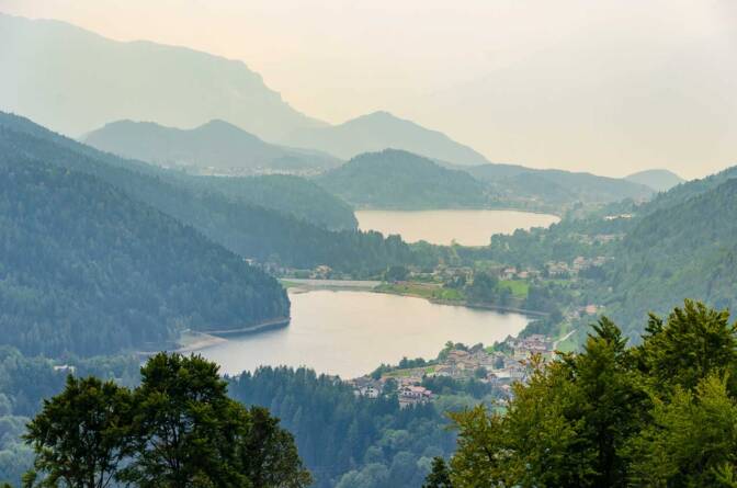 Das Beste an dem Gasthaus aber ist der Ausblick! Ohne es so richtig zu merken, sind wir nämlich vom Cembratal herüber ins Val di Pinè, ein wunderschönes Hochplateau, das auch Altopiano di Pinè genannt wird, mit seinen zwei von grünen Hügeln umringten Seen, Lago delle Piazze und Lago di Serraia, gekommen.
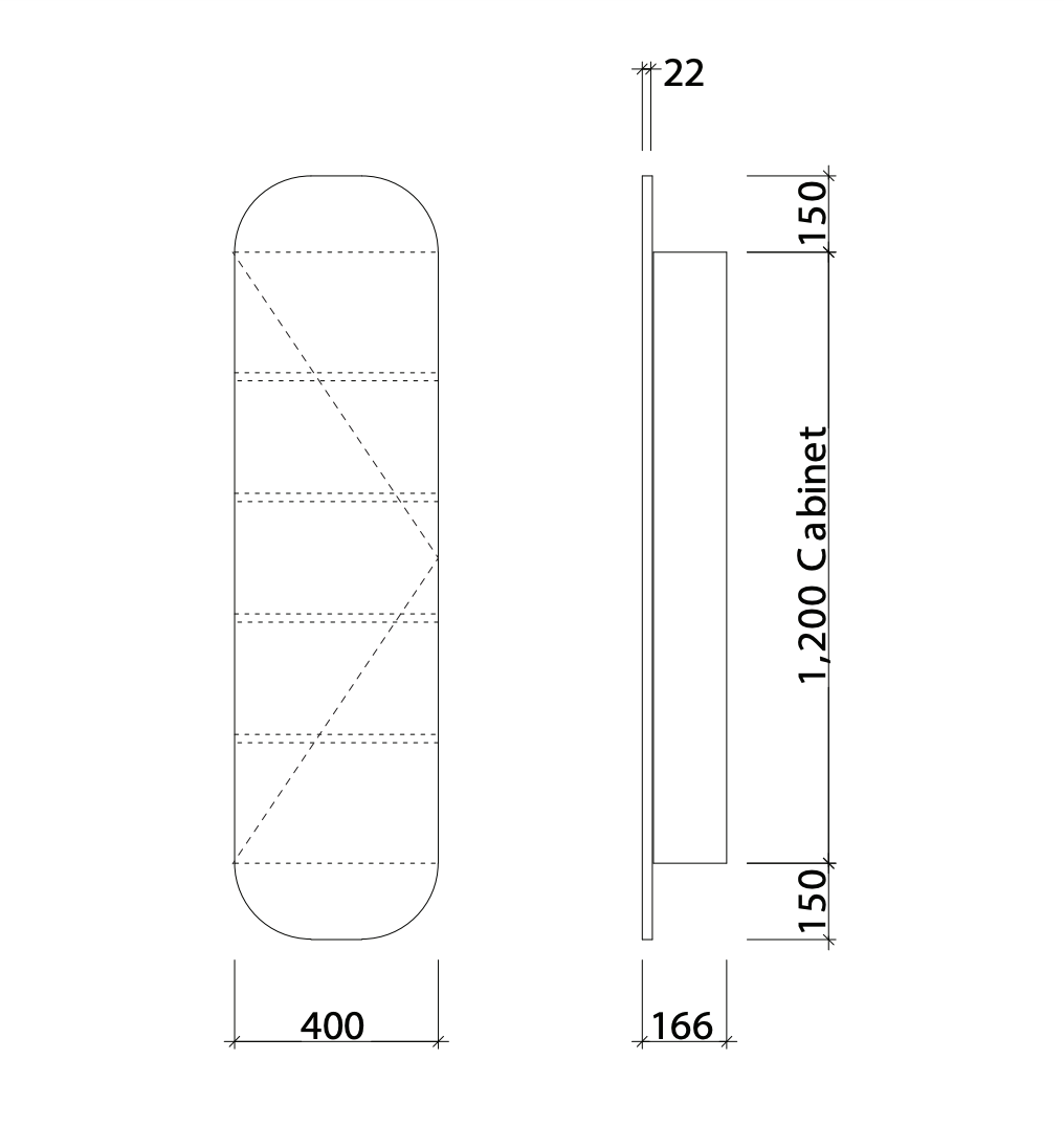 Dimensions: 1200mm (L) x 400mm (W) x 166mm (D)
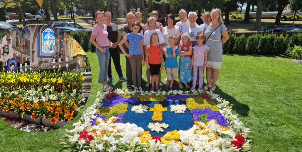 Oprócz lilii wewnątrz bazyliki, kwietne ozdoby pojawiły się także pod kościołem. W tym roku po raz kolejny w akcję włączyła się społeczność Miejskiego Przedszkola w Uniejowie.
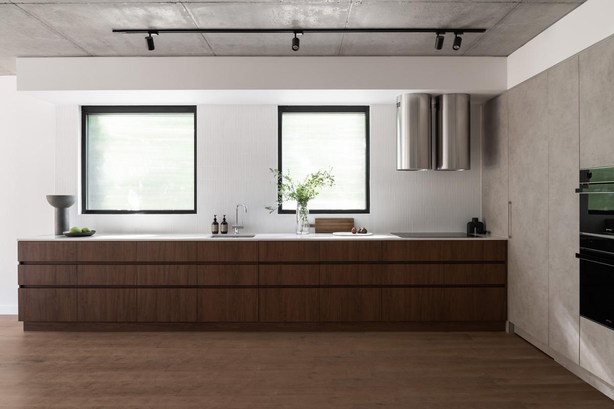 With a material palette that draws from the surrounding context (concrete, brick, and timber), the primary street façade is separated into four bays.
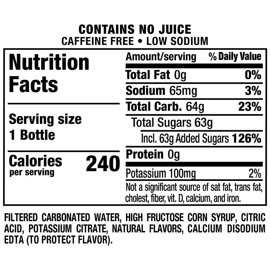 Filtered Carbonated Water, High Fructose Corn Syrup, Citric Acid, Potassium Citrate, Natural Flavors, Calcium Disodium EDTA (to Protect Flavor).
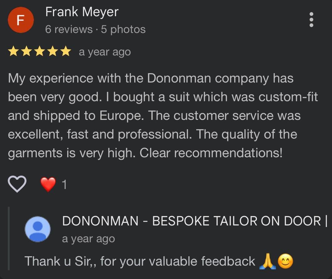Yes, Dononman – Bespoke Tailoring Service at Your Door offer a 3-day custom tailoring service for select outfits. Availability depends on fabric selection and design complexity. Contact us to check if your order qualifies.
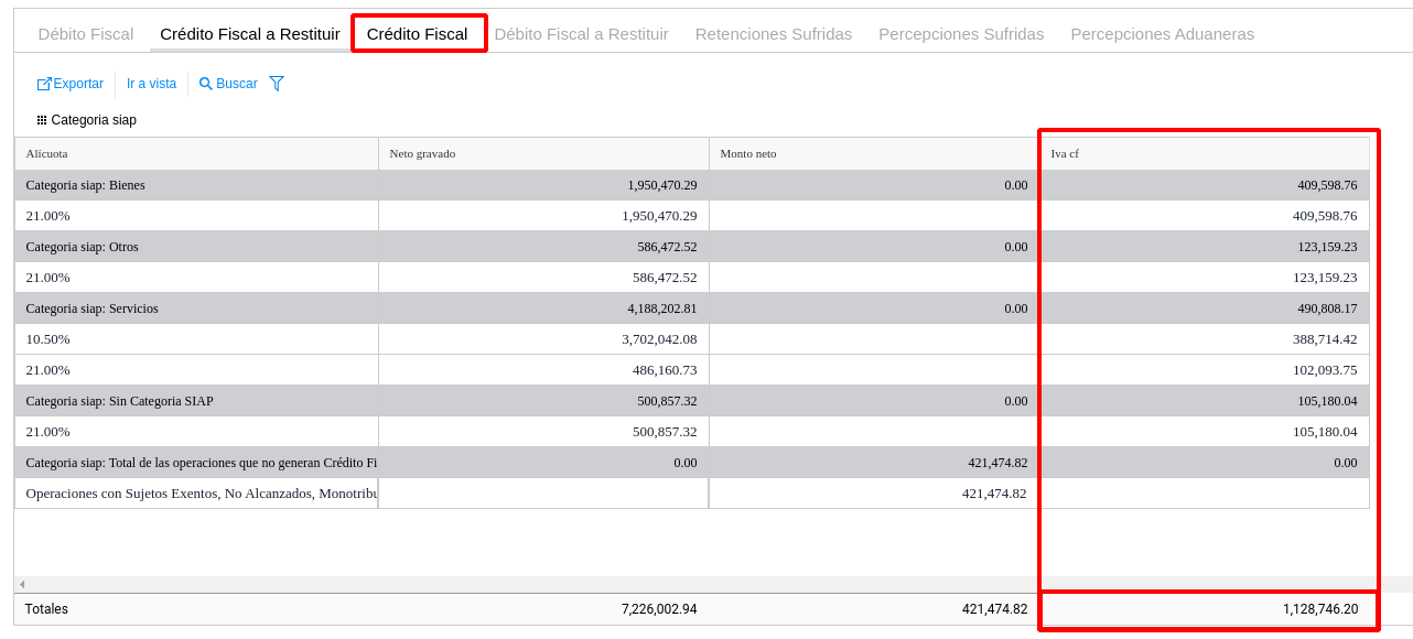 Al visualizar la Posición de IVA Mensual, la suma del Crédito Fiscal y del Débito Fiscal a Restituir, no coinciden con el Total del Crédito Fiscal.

=== Task brief ===
Everything in the entries above except the pictures should be given again exactly.

=== Task output ===
 Das Beste an dem Gasthaus aber ist der Ausblick! Ohne es so richtig zu merken, sind wir nämlich vom Cembratal herüber ins Val di Pinè, ein wunderschönes Hochplateau, das auch Altopiano di Pinè genannt wird, mit seinen zwei von grünen Hügeln umringten Seen, Lago delle Piazze und Lago di Serraia, gekommen.
 Dimensions: 1200mm (L) x 400mm (W) x 166mm (D)
 Oprócz lilii wewnątrz bazyliki, kwietne ozdoby pojawiły się także pod kościołem. W tym roku po raz kolejny w akcję włączyła się społeczność Miejskiego Przedszkola w Uniejowie.
 With a material palette that draws from the surrounding context (concrete, brick, and timber), the primary street façade is separated into four bays.
 Filtered Carbonated Water, High Fructose Corn Syrup, Citric Acid, Potassium Citrate, Natural Flavors, Calcium Disodium EDTA (to Protect Flavor).
Yes, Dononman – Bespoke Tailoring Service at Your Door offer a 3-day custom tailoring service for select outfits. Availability depends on fabric selection and design complexity. Contact us to check if your order qualifies.
 Al visualizar la Posición de IVA Mensual, la suma del Crédito Fiscal y del Débito Fiscal a Restituir, no coinciden con el Total del Crédito Fiscal.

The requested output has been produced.